(Beginning of Supplied material)
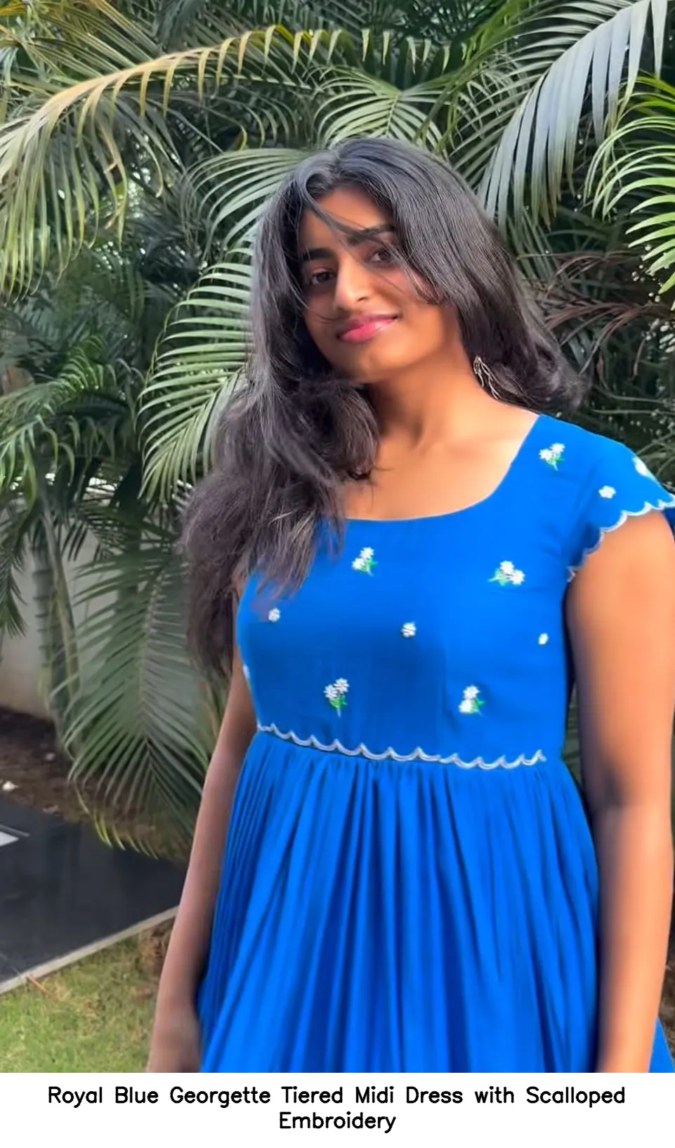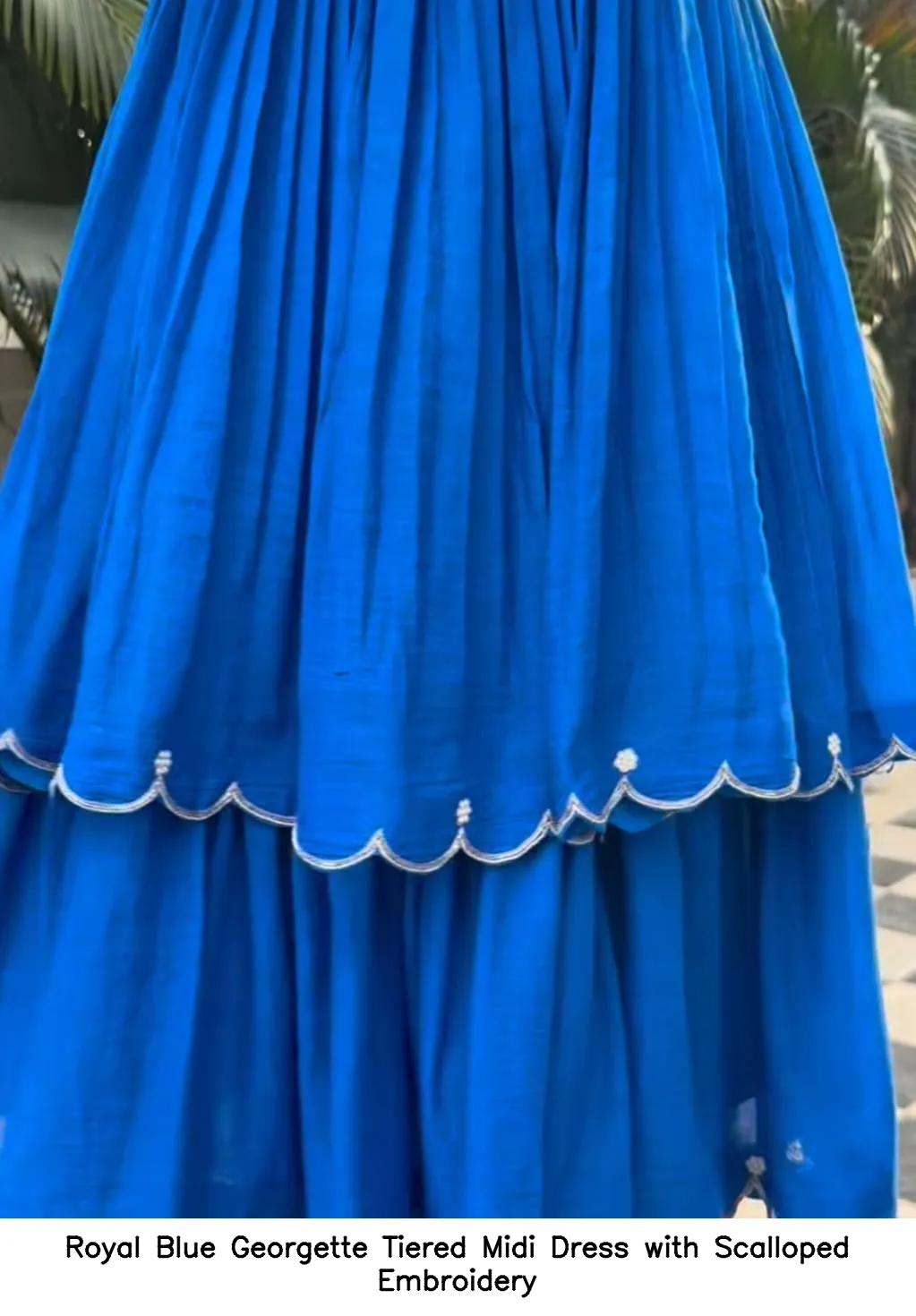 Features of the Royal Blue Georgette Tiered Midi Dress with Scalloped Embroidery
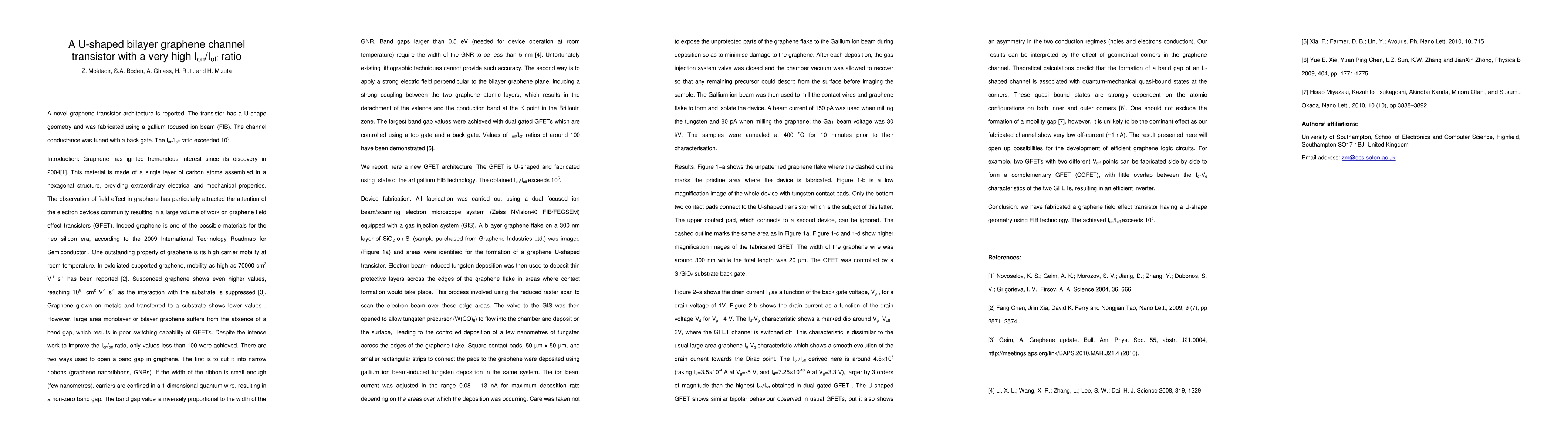 A novel graphene transistor architecture is reported. The transistor has a U-shape geometry and was fabricated using a gallium focused ion beam (FIB). The channel conductance was tuned with a back gate. The Ion/Ioff ratio exceeded 10^5.
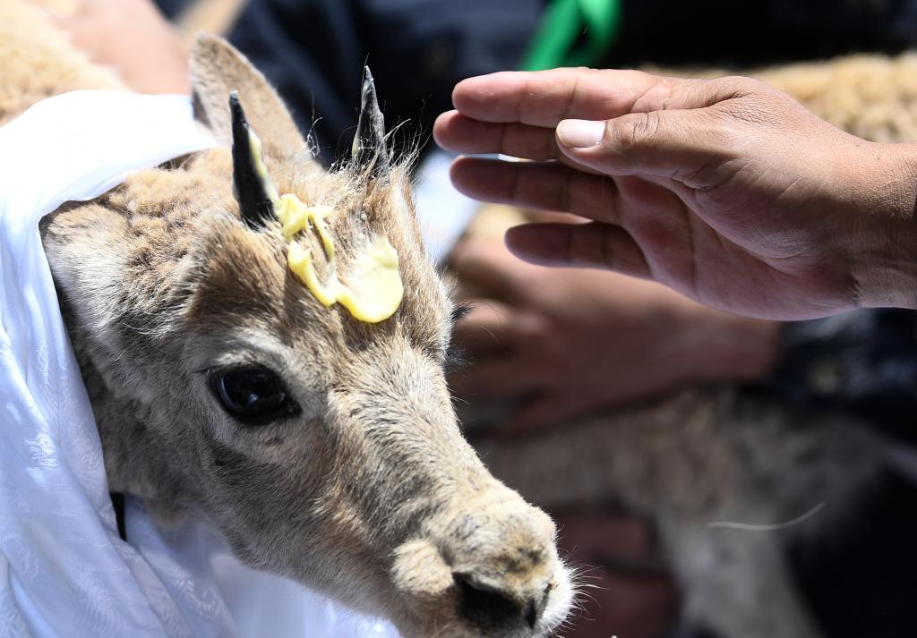 7月7日,在可可西里索南達(dá)杰保護(hù)站野生動物救助中心,可可西里巡山隊(duì)員按照風(fēng)俗,在即將回歸大自然的藏羚羊額頭上涂抹酥油表達(dá)祝福。 新華社記者 張龍攝
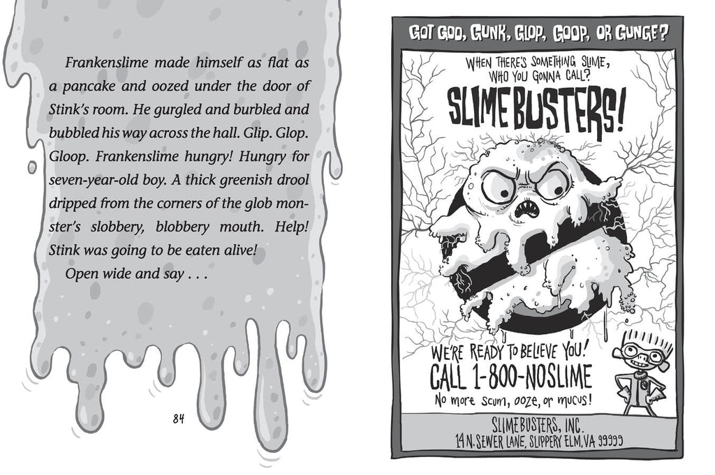 Glip! Glop! Gloop! What looks like dog vomit, smells like a corpse flower, and stars in one of the scariest movies Stink Moody has ever seen? Is it the Blob? The Glob? Son of Glob? No, it’s . . . slime mold! Stink may be a super science geek, but even Dr. Stinkelstein is feeling freaked out about having a slime mold living and growing in his very own room. At Saturday Science Club, Stink learns that these one-celled organisms are smart enough to find their way out of mazes and gang up on food sources — so who says they aren’t smart enough to take over Stink’s pets, Stink’s room, Stink himself, and . . . the world? Vintage horror flicks meet classic Star Trek episodes as a wary Stink (with some help from Dr. Judy Moody) comes to know and love an unusual new pet in a hilarious adventure that sneaks in factoids and comics at each chapter’s end.
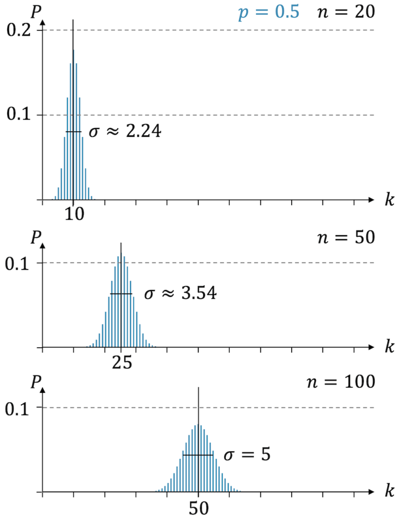 Für 50 und 100 Würfe erhalten wir \(\sigma \approx 3.54\) bzw. \(\sigma = 5\). Warum ist das so? Mit der grösseren Anzahl Würfe gibt es eine grössere mögliche Streuung der Ergebnisse, denn es handelt sich immer noch um ein Zufallsexperiment. Je öfter wir dieses durchführen, desto grösser wird die Anzahl möglicher Abweichungen vom theoretischen Wert, dem Erwartungswert. Die Abweichungen sind aber, je grösser dieses sind, desto unwahrscheinlicher.
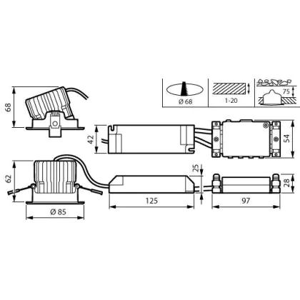 Caractéristiques du Philips Spot LED RS156B CoreLine Aluminium Blanc 12.3W 1300lm 36D - 830 Blanc Chaud | 85mm - Diamètre 68mm - IP20/44 - Dali Dimmable
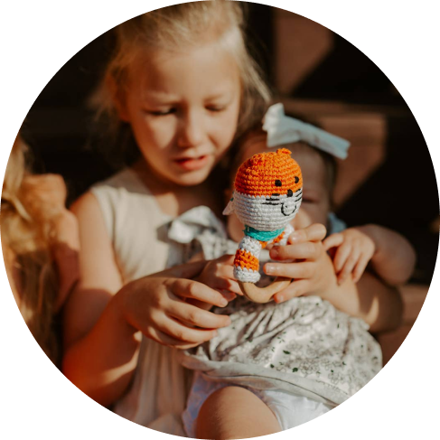 This toy is absolutely safe for your kids: it’s made of a beechwood ring, and hand crocheted with 100% cotton yarn and a polyfill.
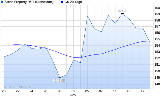 Mit dem Rücksetzer auf 154,95 EUR hat die Simon Property-Aktie am 18.11.2025 die 20-Tage-Linie nach unten gekreuzt.
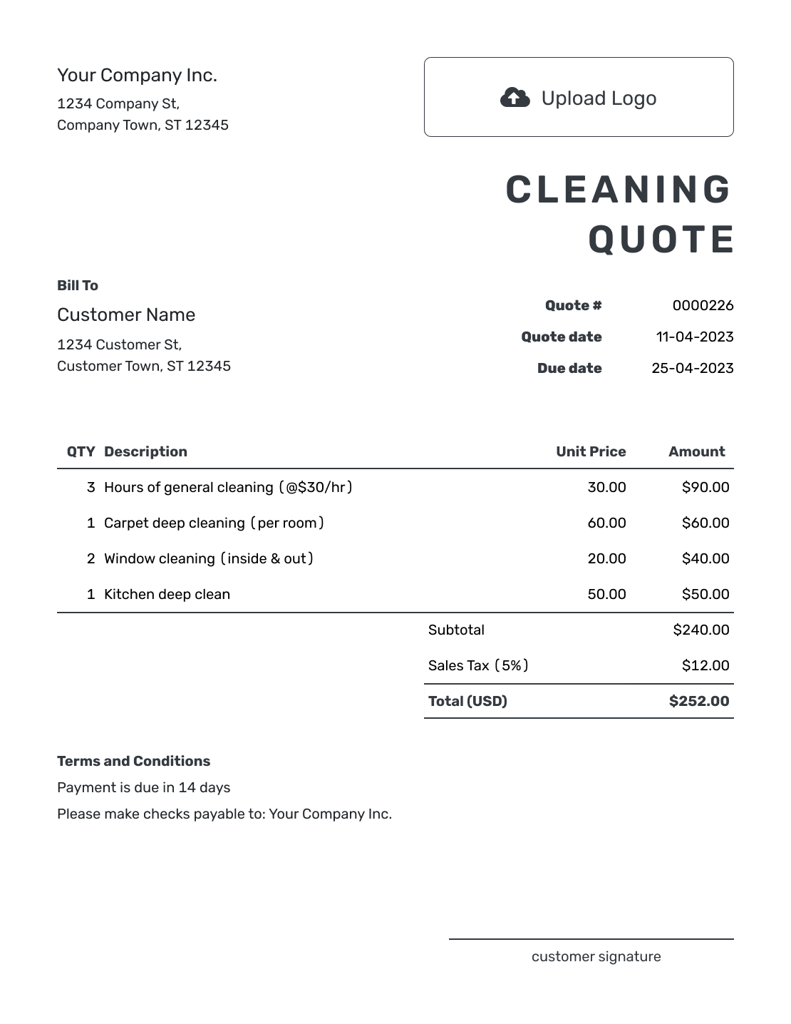 Free Cleaning Quote Template Docelf
(End of Supplied material)
With pictures left out, repeat exactly the lines from the line bearing "This toy is" through the final line of the records above.

**Task result**:
 This toy is absolutely safe for your kids: it’s made of a beechwood ring, and hand crocheted with 100% cotton yarn and a polyfill.
 Mit dem Rücksetzer auf 154,95 EUR hat die Simon Property-Aktie am 18.11.2025 die 20-Tage-Linie nach unten gekreuzt.
 Free Cleaning Quote Template Docelf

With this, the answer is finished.